Morphogenesis driven by nematic defects in active biological networks

Abstract

Cellular morphogenesis, the process by which biological tissues acquire shape and structure, remains a fundamental challenge in understanding pattern formation and the coordinated remodeling of cellular assemblies. Under appropriate conditions, cytoskeletal filaments can organize into a nematic phase exhibiting partial orientational order. Topological defects within this nematic organization generate localized mechanical stresses that destabilize the tissue and promote deformation and structural rearrangements to relieve internal stresses. We develop a continuum framework that models living tissues as active biological networks represented as nematic polymer networks capable of heterogeneous growth and remodeling. The model captures macroscopic effects through spatial variations in the fiber order parameter which drives the system away from equilibrium.
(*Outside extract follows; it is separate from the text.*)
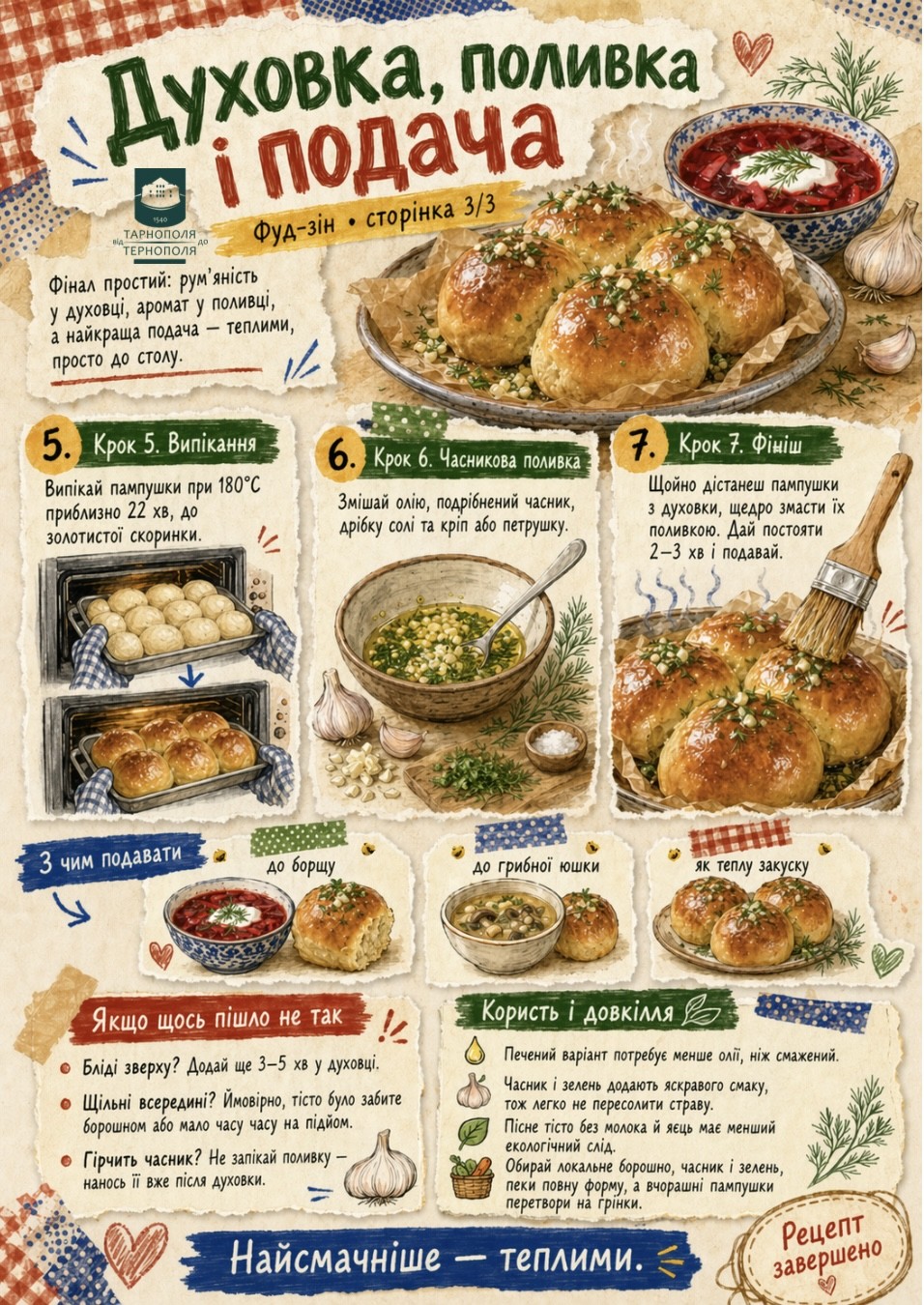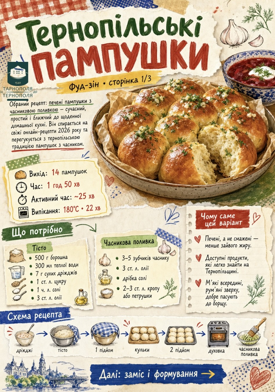 За основу взяли печені пампушки з часниковою поливкою — саме такий варіант сьогодні виглядає найбільш практичним для щоденної кухні: прості інгредієнти, зрозуміний процес і менше олії, ніж у смаженому форматі. Усередині — все без зайвого: що потрібно для тіста, як правильно зробити опару, скільки часу дати на підйом, як сформувати кульки, коли випікати і чим змащувати зверху, щоб пампушки вийшли м’які, рум’яні та ароматні. Основа рецепта — борошно, тепла вода, дріжджі, олія, сіль і цукор, а для поливки — часник, зелень та олія. Саме такий підхід зараз часто трапляється у свіжих кулінарних рецептах 2026 року. Додали і короткий контекст про користь та довкілля. Печений варіант потребує менше жиру, а пісне тісто без молока й яєць має менший екологічний слід. Плюс локальні продукти — борошно, часник, зелень — це проста й нормальна логіка для домашньої кухні Тернопільщини. Найголовніше, що цей рецепт не декоративний і не “для картинки”. Він робочий. Пампушки добре пасують до борщу, до грибної юшки або просто як тепла домашня випічка до столу. А найсмачніші вони, звісно, ще теплі. Смачного!

Morphogenesis is described as a sequence of quasi-static equilibrium states governed by the coupling between nematic order, elasticity, stress-driven growth, and adaptive relaxation. Finite element simulations illustrate Hydra regeneration and development when topological defects are prescribed according to the mature organism's expected morphology. The results show that defect topology controls stress localization and shape evolution: +1 defects drive protrusion formation, while -1/2 defects act as structural stabilizers with minimal growth. By varying the initial defect configuration, we model diverse morphogenetic outcomes, including uniaxial regeneration, tentacle formation, and biaxial development.